- Task description: Leave out the pictures and repeat exactly the lines from the one containing "Join us on itch!" through the final line of the listing below.

Top of Exercise inputs

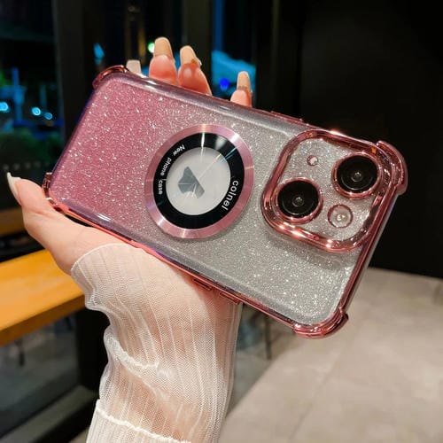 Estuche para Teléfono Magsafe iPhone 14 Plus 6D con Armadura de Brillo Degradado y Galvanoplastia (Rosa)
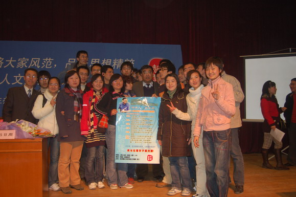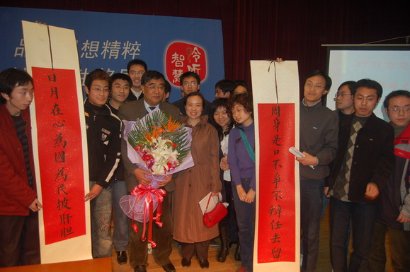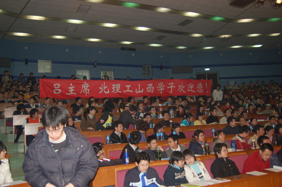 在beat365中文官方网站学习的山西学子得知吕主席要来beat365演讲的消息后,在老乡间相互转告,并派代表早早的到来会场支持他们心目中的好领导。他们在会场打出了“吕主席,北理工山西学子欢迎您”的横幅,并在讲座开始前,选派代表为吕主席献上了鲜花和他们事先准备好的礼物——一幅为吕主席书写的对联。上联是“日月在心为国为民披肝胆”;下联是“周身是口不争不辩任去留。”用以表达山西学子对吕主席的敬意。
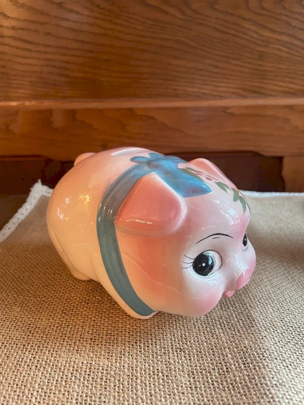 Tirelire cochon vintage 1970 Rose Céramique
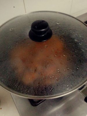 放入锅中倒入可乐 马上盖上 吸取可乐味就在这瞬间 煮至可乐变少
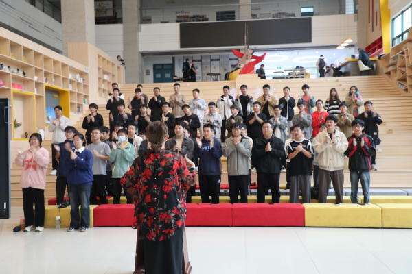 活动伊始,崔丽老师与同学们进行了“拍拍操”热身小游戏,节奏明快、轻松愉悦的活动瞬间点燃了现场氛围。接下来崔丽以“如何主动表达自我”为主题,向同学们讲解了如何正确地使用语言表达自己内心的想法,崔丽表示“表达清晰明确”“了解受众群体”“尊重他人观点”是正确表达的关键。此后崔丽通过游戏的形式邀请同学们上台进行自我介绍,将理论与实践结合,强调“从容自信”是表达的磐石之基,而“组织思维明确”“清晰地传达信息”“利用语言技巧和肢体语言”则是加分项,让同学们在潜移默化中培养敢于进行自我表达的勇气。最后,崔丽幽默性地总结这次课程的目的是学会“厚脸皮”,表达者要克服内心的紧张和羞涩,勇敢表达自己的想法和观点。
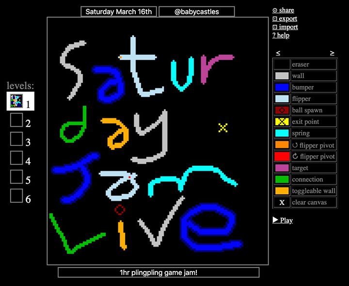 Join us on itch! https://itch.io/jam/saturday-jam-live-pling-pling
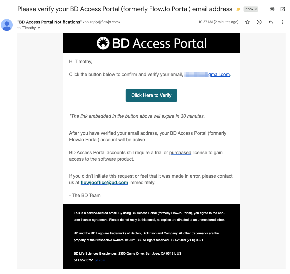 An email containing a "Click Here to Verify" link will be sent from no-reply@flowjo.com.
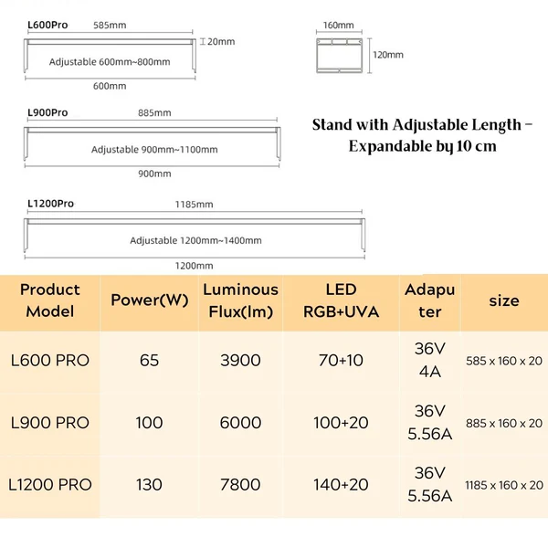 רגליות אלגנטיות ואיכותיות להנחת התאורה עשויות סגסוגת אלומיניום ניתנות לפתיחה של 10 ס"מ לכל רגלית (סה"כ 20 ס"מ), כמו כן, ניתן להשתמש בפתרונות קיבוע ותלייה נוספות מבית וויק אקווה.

Bottom of Exercise inputs

- Output below:
 Join us on itch! https://itch.io/jam/saturday-jam-live-pling-pling
 An email containing a "Click Here to Verify" link will be sent from no-reply@flowjo.com.
 רגליות אלגנטיות ואיכותיות להנחת התאורה עשויות סגסוגת אלומיניום ניתנות לפתיחה של 10 ס"מ לכל רגלית (סה"כ 20 ס"מ), כמו כן, ניתן להשתמש בפתרונות קיבוע ותלייה נוספות מבית וויק אקווה.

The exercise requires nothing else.